With this strategy, combinations of lncRNAs that can serve as potential master regulator of genes in clinically-relevant, co-expression lncRNA-mRNA networks in pertinent cancer pathways were identified.

Results

Differentially expressed lncRNAs and mRNAs in HCC tissues

A genome-wide expression profile of the tumor versus non-tumorous liver in 49 HCC patients was performed to identify differentially expressed lncRNAs and mRNAs. A total of 40,173 lncRNAs and 20,730 mRNAs were interrogated using the Arraystar Human LncRNA Array V4.0. 16,553 lncRNA transcripts and 17,261 mRNA transcripts are expressed in more than 50% of the total samples. Using FDR corrected P value of < 0.05 and absolute fold change of > 2.0, 1,500 (424 up-regulated and 1,076 down-regulated) lncRNA and 1,983 (746 up-regulated and 1,237 down-regulated) mRNA transcripts are differentially expressed between HCC tumour tissues and adjacent non-tumourous tissues (Fig. 1b). Unsupervised hierarchical clustering is able to differentiate the HCC tumour from adjacent non-tumourous tissues, suggesting the expression of lncRNAs and mRNAs are different between HCC tumour and the adjacent non-tumourous tissues (Fig. 1b).

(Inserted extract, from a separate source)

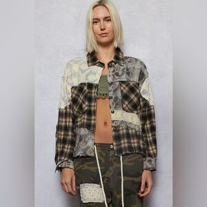 The POL Whiskey Lace Flannel merges vintage plaid style with contemporary lace detailing, ensuring a relaxed, versatile fit.
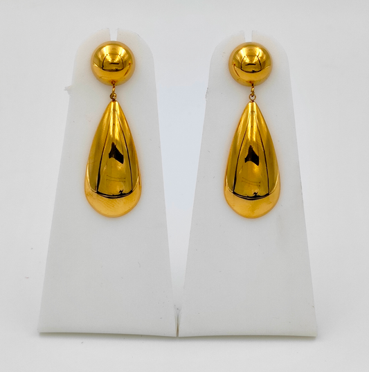 Ball Drop Stainless Steel Gold Plated Statement Earrings

Co-expression between differentially expressed lncRNAs and mRNAs

The “Guilt-by-association” model was employed to understand the pathways enriched with deregulated protein-coding genes that are co-expressed with the deregulated lncRNAs15,16. Pearson correlation analyses was performed on 1,500 differentially expressed lncRNAs and 1983 differentially expressed mRNAs transcripts to identify significantly co-expressed lncRNA-mRNA pairs. With a |R|≥ 0.90 threshold, a total of 1553 lncRNAs-mRNA co-expressing pairs, comprising 339 lncRNA and 269 mRNA transcripts were identified. Notably, none of the 1553 co-expression pairs were inversely correlated. The co-expressing pairs comprise 28 up-regulated lncRNAs whose expression correlated with 108 up-regulated mRNAs and 311 down-regulated lncRNAs whose expression correlated with 161 down-regulated mRNAs (Fig. 2a). Among the 1553 co-expression pairs, 14 pairs are identified as having a cis relationship (defined as lncRNAs co-expressed with its nearest protein coding genes). To explore the functions of the genes strongly correlated with the lncRNAs, pathway analysis was carried out on the 108 up-regulated mRNAs and 161 down-regulated mRNAs transcripts using ConsensusPathDB database, respectively24,25. Our results showed that the up-regulated associated mRNAs were mostly enriched in cell cycle pathways, Rho GTPases signaling pathways and transcription pathways (Fig. 2b), while down-regulated associated mRNAs were mostly enriched in metallothionein, fructose and mannose metabolism, fatty acid metabolism and drug metabolism (Fig. 2c).

Figure 2
figure 2

(a) Summary of correlation between differentially expressed lncRNAs and mRNAs. Red: Upregulation in T versus NT; green: downregulation in T versus NT. Strong positive correlation with |R|≥ 0.9 is shown as dotted black lines with light grey background. Number of differentially expressed lncRNAs/mRNAs that has |R|≥ 0.9 are shown within the thick black boxes with white fonts. Small black boxes with grey background represents number of correlations that is also in cis-relationship. (b) Pathways of upregulated strongly correlated genes are mainly related to cell cycle, signaling pathways and transcription pathways. (c) Pathways of downregulated strongly correlated genes are mainly related to fatty acid metabolism, drug metabolism, fructose and mannose metabolisms and metallothioneins.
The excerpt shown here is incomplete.